BL Research Bureau

The Indian equity benchmark indices, after opening with a gap-up, could not rally and have started moving south. Both the indices have given up the intraday gains and are now trading lower by around 0.5 per cent each. This is despite the Asian market signaling positive cues i.e. the Nikkei 225 gained 0.5 per cent whereas the Hang Seng is up by 0.4 per cent for the day.

Following a decline in the index, the market breadth of Nifty 50 has turned bearish i.e. the advance-decline ratio stands at 16-34. As the market is down, the volatility has shot up as indicated by the volatility index – India VIX – which is up by a little over 9 per cent to 22.97.
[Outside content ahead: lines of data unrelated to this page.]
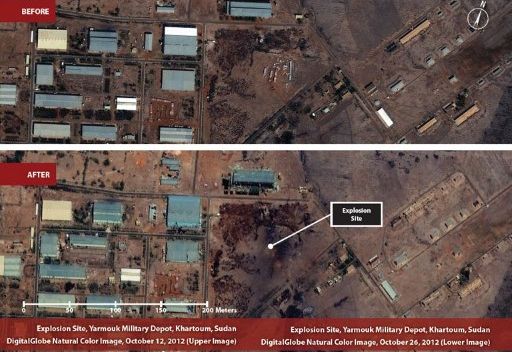 گروه "Satellite Sentinel Project" که غیر دولتی و مقر آن در آمریکاست و موسس آن جورج کلونی یک هنر پیشه آمریکایی است با صدور بیانیه ای اعلام کرد: تصاویر ماهواره ای نشان دهنده ایجاد شش حفره بزرگ با عرض هر یک از آنها 16 متر ، در محل کارخانه الیرموک در پایتخت سودان است.
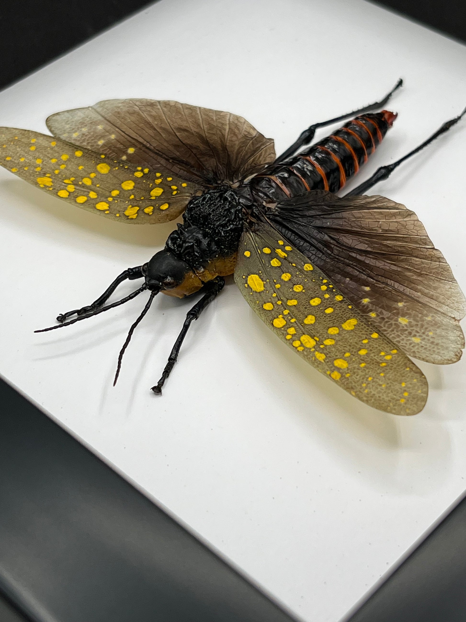 Northern Spotted grasshopper in 6”x6” shadowbox. A species of grasshopper from Indonesia.
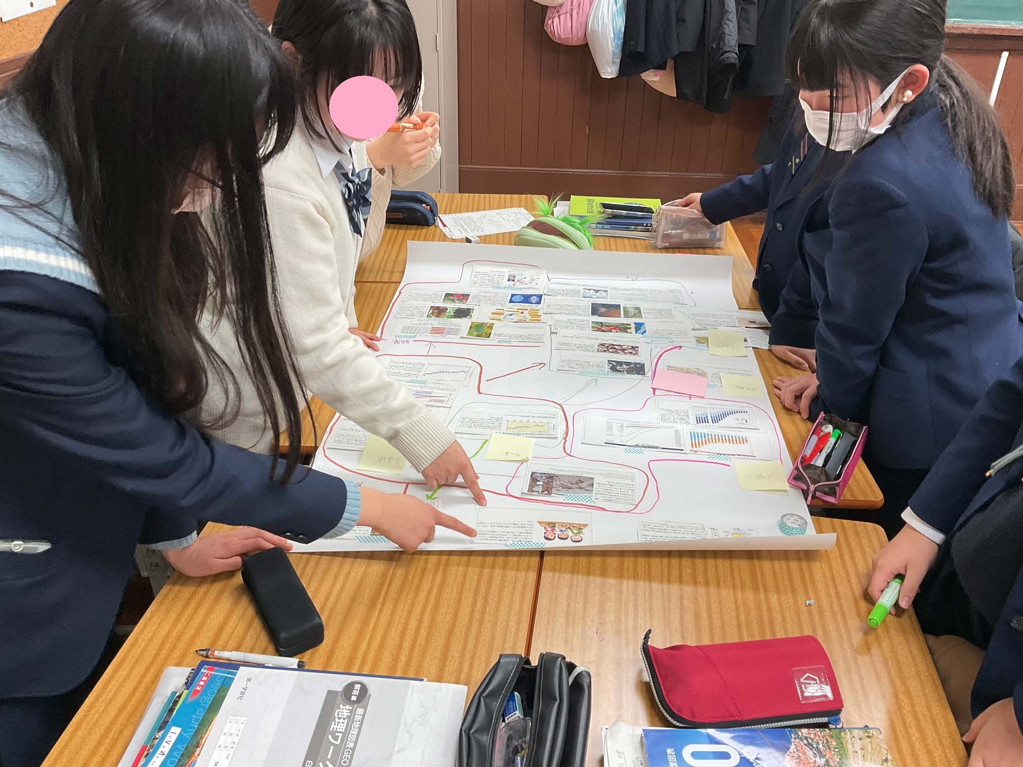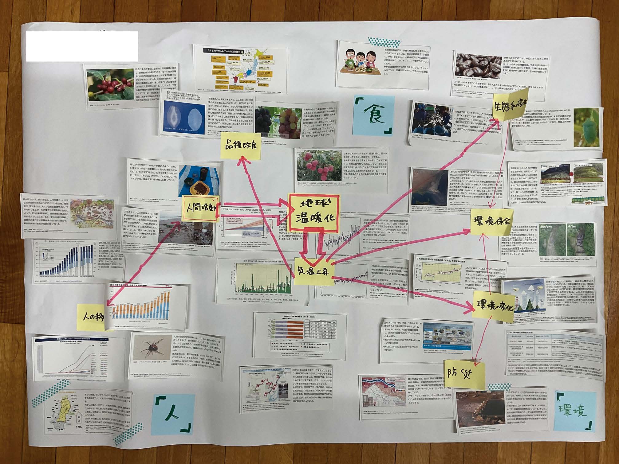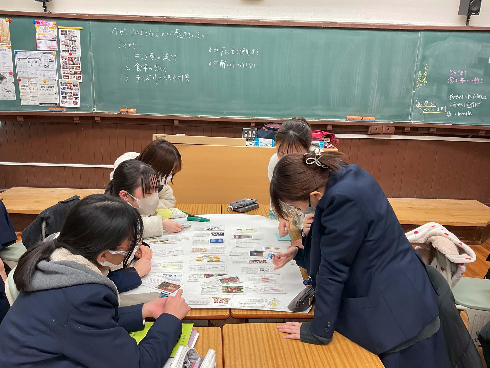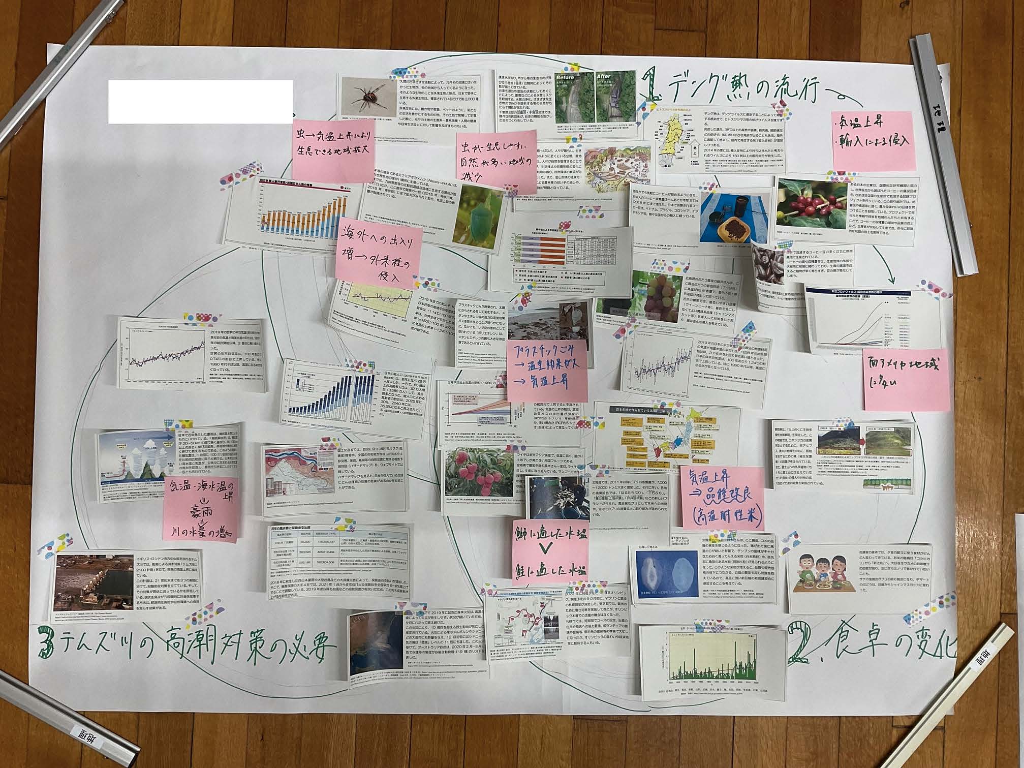 本報告は、高等学校「地理総合」における単元「地球的課題と国際協力」の授業実践として、国立環境研究所が作成した「気候変動対応のミステリー」を教材に用いたアクティブラーニングを取り上げている。生徒はデング熱の流行、家庭の食卓の変化、ロンドンの洪水対策という三つの事象を題材に、20 枚以上の情報カードをグループで論理的に並べ替え、ポスターにまとめて発表した。ここでは「正解は一つではない」という前提のもと、多角的な思考と協働的な探究が促された。
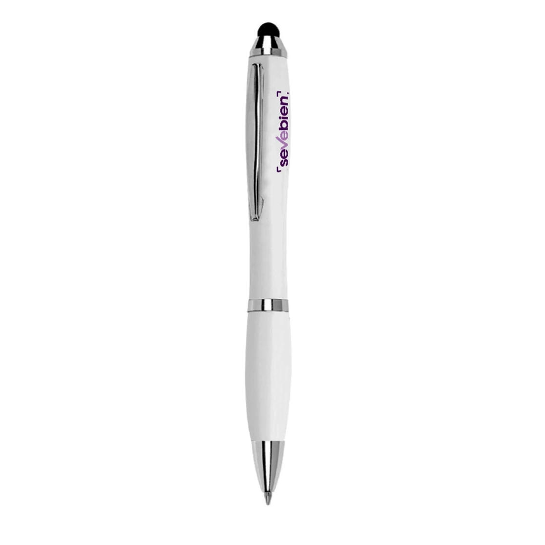 Ø 0,5 x 13,5 cm. Bolígrafo plástico giratorio con detalles metálicos. Clip metálico. Puntero para pantallas táctiles. Tinta azul.
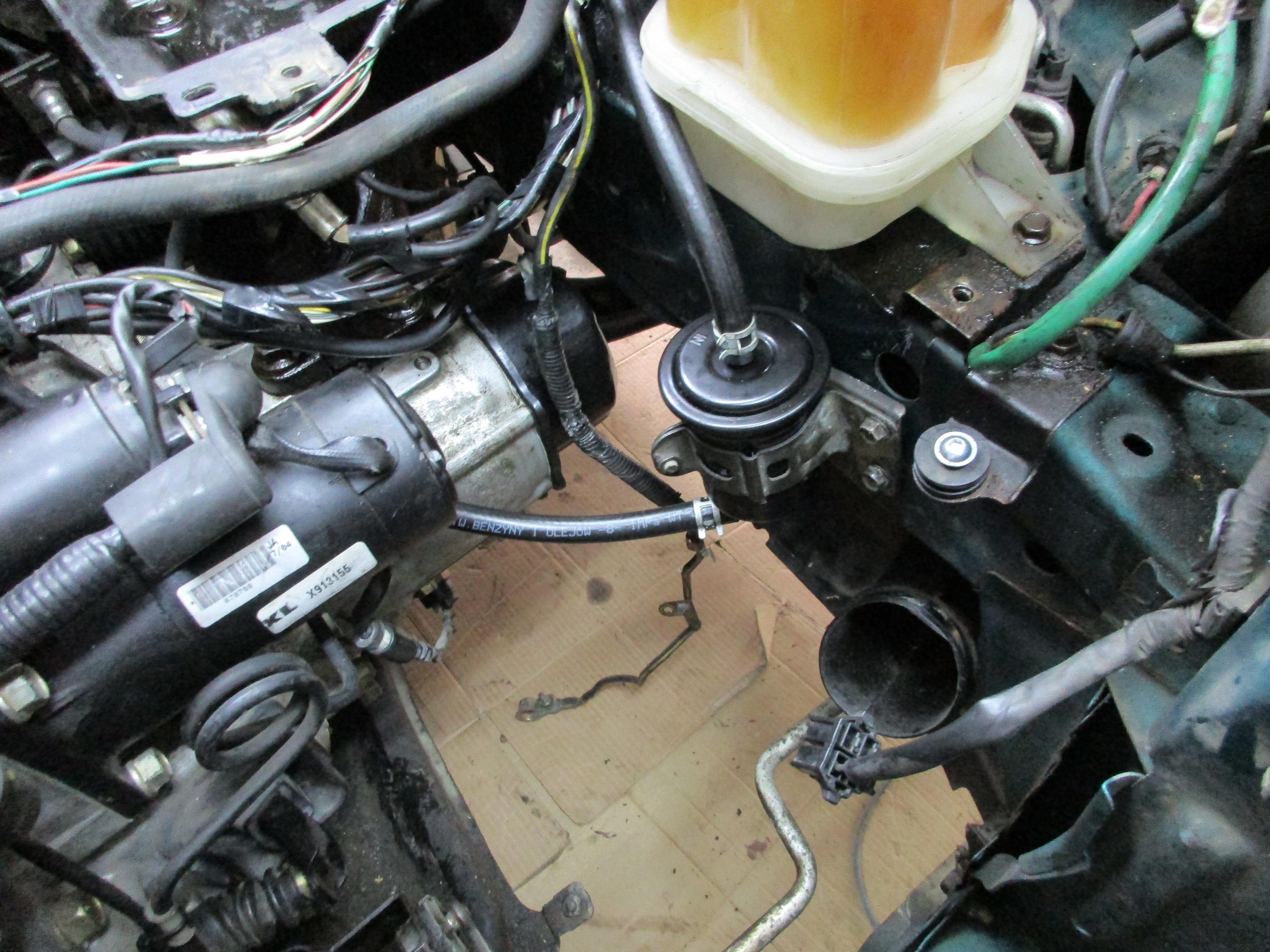 Rurkę od serwa musiałem ogarnąć z osobnym zaworkiem zwrotnym, bo nigdzie nie szło dostać u mnie oryginału z KL'a. Oryginalna z KF'a była za krótka więc zastosowałem sobie zapasowy wężyk ze zbiorniczka wyrównawczego od płynu chłodniczego, okazał się idealnie pasować;]
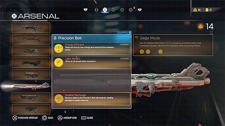 - Every weapon in Doom has one or two modifications - for example, Gauss Cannon has Precision Bolt and Siege Mode (presented in the picture above). Unlock new modifications by finding Field Drones.

The mid-cap and the small-cap indices too have lost between 0.6 per cent and 1.1 per cent. Among the sectoral indices, the Nifty PSU bank index is the top gainer, up by nearly 2 per cent even though most of the sectoral indices are in the red. The Nifty pharma index is the top loser, down by 1.3 per cent.

Like the Nifty 50 spot index, the November futures of the index begun the session higher at 13,130 versus its previous close of 13,062. But after marking an intraday high of 13,137, the contract started to decline. As a result, it slipped below yesterday’s closing level and is currently testing the key support of 13,000. A breach of this level can intensify the rally. But since the overall trend is bullish, one can wait for confirmation to initiate fresh short positions even though the intraday trend looks bearish.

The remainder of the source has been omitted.